__Task statement__
From the entries that follow, copy exactly the lines beginning at the line holding "Certainly painting is" and continuing through the line holding "This building has".

__Working data__
"""

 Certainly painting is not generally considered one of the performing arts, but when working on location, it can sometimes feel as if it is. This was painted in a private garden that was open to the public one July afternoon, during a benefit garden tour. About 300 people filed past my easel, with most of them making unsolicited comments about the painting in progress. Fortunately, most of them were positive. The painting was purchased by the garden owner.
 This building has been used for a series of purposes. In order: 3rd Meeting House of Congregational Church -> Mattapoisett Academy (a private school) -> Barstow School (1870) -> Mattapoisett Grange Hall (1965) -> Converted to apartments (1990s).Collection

"""
"""

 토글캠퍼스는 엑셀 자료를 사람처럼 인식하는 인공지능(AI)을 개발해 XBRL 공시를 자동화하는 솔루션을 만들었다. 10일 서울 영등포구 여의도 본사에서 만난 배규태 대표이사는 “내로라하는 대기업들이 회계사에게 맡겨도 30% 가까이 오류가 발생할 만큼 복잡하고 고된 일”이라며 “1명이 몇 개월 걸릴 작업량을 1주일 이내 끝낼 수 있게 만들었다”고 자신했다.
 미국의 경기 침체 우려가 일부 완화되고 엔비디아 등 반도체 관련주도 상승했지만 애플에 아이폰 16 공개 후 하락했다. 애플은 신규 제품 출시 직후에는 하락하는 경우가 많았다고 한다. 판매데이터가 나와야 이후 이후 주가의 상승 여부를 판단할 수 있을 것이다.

"""

__Result for this task__
 Certainly painting is not generally considered one of the performing arts, but when working on location, it can sometimes feel as if it is. This was painted in a private garden that was open to the public one July afternoon, during a benefit garden tour. About 300 people filed past my easel, with most of them making unsolicited comments about the painting in progress. Fortunately, most of them were positive. The painting was purchased by the garden owner.
 This building has been used for a series of purposes. In order: 3rd Meeting House of Congregational Church -> Mattapoisett Academy (a private school) -> Barstow School (1870) -> Mattapoisett Grange Hall (1965) -> Converted to apartments (1990s).Collection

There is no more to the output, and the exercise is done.